Problem to solve
Pictures are to be skipped. Retype exactly the lines from the top of the material through the one with "2023年春季,南航老年大学", and only those.

Collected material
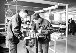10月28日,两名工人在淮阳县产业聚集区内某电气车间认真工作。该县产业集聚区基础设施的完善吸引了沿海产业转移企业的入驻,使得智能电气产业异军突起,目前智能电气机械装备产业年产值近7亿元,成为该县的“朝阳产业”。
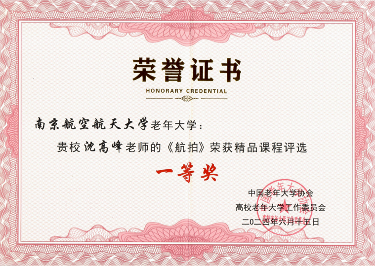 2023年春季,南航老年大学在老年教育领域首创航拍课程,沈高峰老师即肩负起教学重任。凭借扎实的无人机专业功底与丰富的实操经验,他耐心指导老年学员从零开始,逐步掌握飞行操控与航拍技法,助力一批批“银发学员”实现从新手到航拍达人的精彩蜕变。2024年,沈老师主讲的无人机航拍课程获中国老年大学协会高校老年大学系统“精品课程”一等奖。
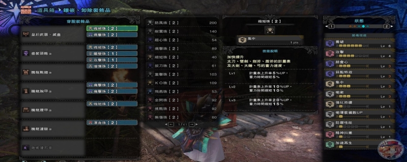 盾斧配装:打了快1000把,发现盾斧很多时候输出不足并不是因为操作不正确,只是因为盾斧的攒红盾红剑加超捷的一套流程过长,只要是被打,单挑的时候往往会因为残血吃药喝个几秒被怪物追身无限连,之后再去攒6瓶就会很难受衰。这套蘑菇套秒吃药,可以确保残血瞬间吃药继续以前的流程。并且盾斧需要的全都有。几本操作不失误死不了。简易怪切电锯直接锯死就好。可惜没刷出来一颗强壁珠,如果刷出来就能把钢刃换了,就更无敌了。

Answer box
10月28日,两名工人在淮阳县产业聚集区内某电气车间认真工作。该县产业集聚区基础设施的完善吸引了沿海产业转移企业的入驻,使得智能电气产业异军突起,目前智能电气机械装备产业年产值近7亿元,成为该县的“朝阳产业”。
 2023年春季,南航老年大学在老年教育领域首创航拍课程,沈高峰老师即肩负起教学重任。凭借扎实的无人机专业功底与丰富的实操经验,他耐心指导老年学员从零开始,逐步掌握飞行操控与航拍技法,助力一批批“银发学员”实现从新手到航拍达人的精彩蜕变。2024年,沈老师主讲的无人机航拍课程获中国老年大学协会高校老年大学系统“精品课程”一等奖。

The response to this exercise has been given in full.